Vacuna a los 5 meses de vida y con un 40 % de eficacia
La primera dosis de muchas vacunas se inicia a los dos meses de vida, lográndose así una precoz protección frente a la infección. Sin embargo, los ensayos clínicos realizados en siete países africanos entre 2010 y 2014 demostraron que esta vacuna era más eficaz si su introducción se posponía a los cinco meses de vida. Aún así, la eficacia de la vacuna rondaba el 40 %.

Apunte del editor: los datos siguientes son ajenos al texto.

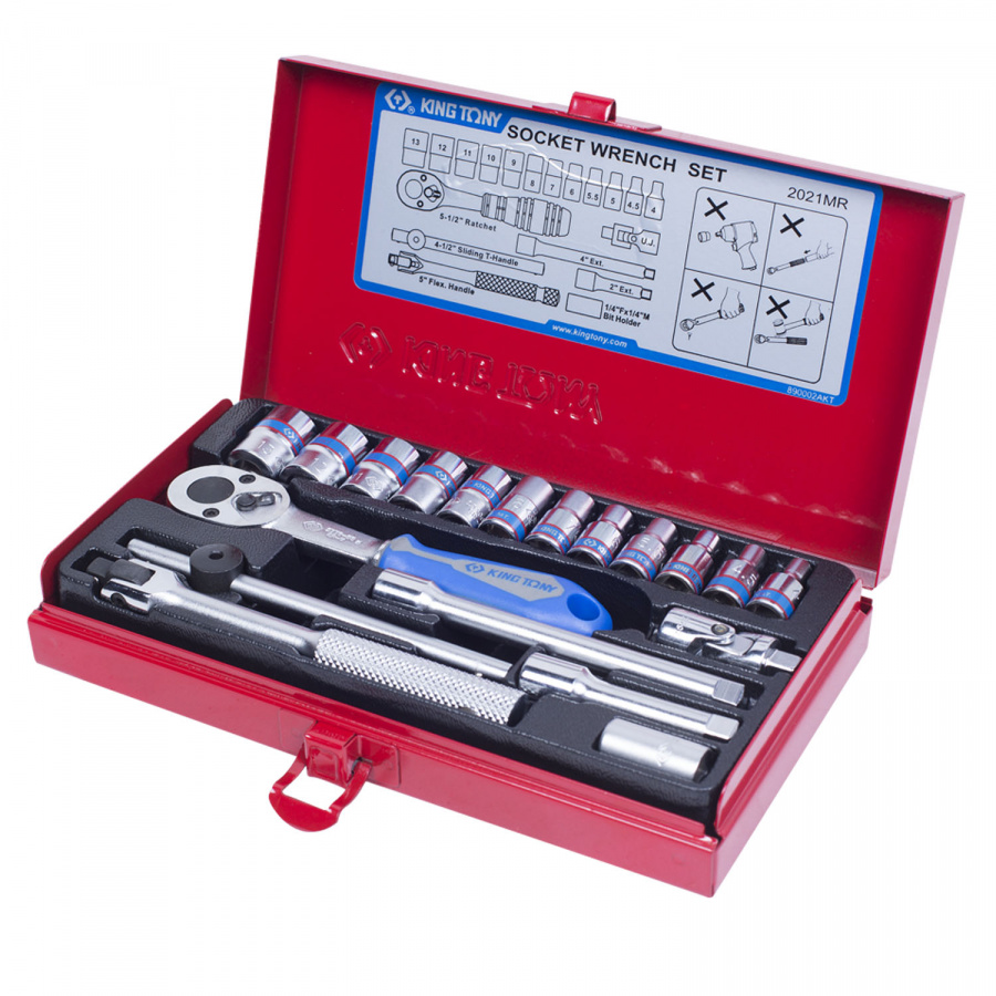 - Набор KING TONY торцевых головок с принадлежностями 1/4", двенадцатигранные, 41365 мм, 19 предметов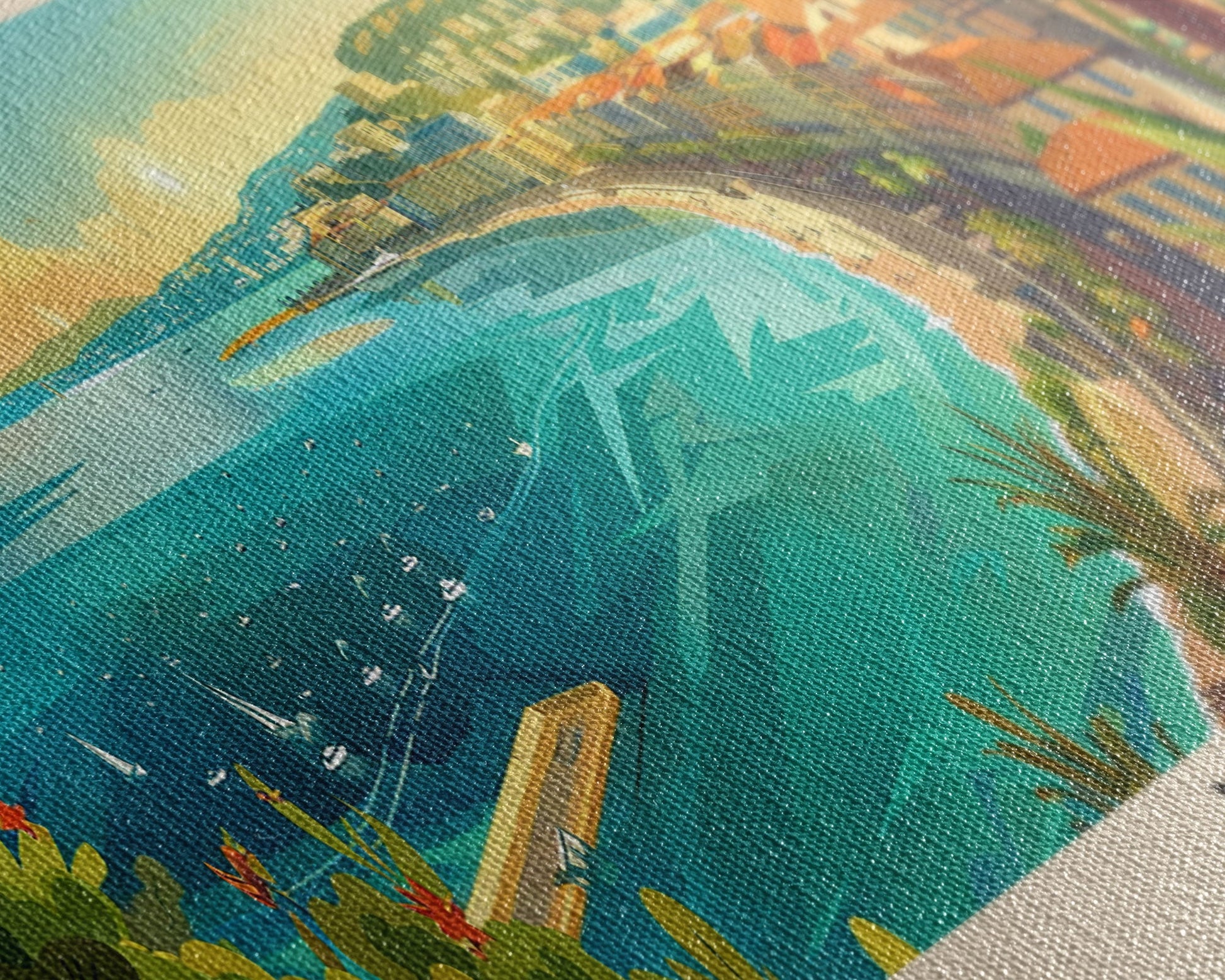 Most of our canvases are made in the USA, with the exception of canvases ordered with the light oak unstained frames, and any large canvases (24x48, 30x60, 16x48 and 20x60) ordered WITH a frame. These are temporarily made in and shipped from Europe, while we try to find a more consistent supplier in the USA.

Los datos recogidos en Malawi, Kenia y Ghana desde 2017, cuando se introduce en el calendario vacunal en algunas regiones de estos países, sugieren que la vacunación puede evitar cuatro de cada 10 casos de malaria clínica, 3 de cada 10 casos de malaria grave y 4 de cada 10 hospitalizaciones.
Existe incertidumbre sobre el número de muertes que se pueden evitar ya que durante los ensayos clínicos fueron excepcionales. Modelos teóricos y los datos recogidos en los tres países citados parecen indicar que evitaría una muerte infantil por cada 200 o 1 000 vacunados en regiones de alta incidencia de malaria. Sorprende, sí, porque parece contradecir esa eficacia del 30-40 % de la que hablábamos antes.
La vacuna Mosquirix ha pasado por más de 30 años de investigación y numerosos ensayos clínicos antes de que la OMS recomendara su uso a gran escala. Es la primera vez que esto ocurre en vacunas frente a protozoos parásitos, organismos extraordinariamente complejos y que han desarrollado sofisticados mecanismos para la evasión del sistema inmune.
Esta nueva herramienta, incorporada a la lucha mundial frente a la malaria, ofrece un ejemplo a seguir de colaboración público-privada donde los bajos beneficios generados a la empresa se reinvierten en investigación.
No obstante, como Mosquirix no brinda una protección completa, y además esta disminuye con el tiempo, existen diversos ensayos clínicos con otras vacunas frente a la malaria con resultados prometedores. Esperemos que ayuden a mejorar aún más la vida de millones de personas.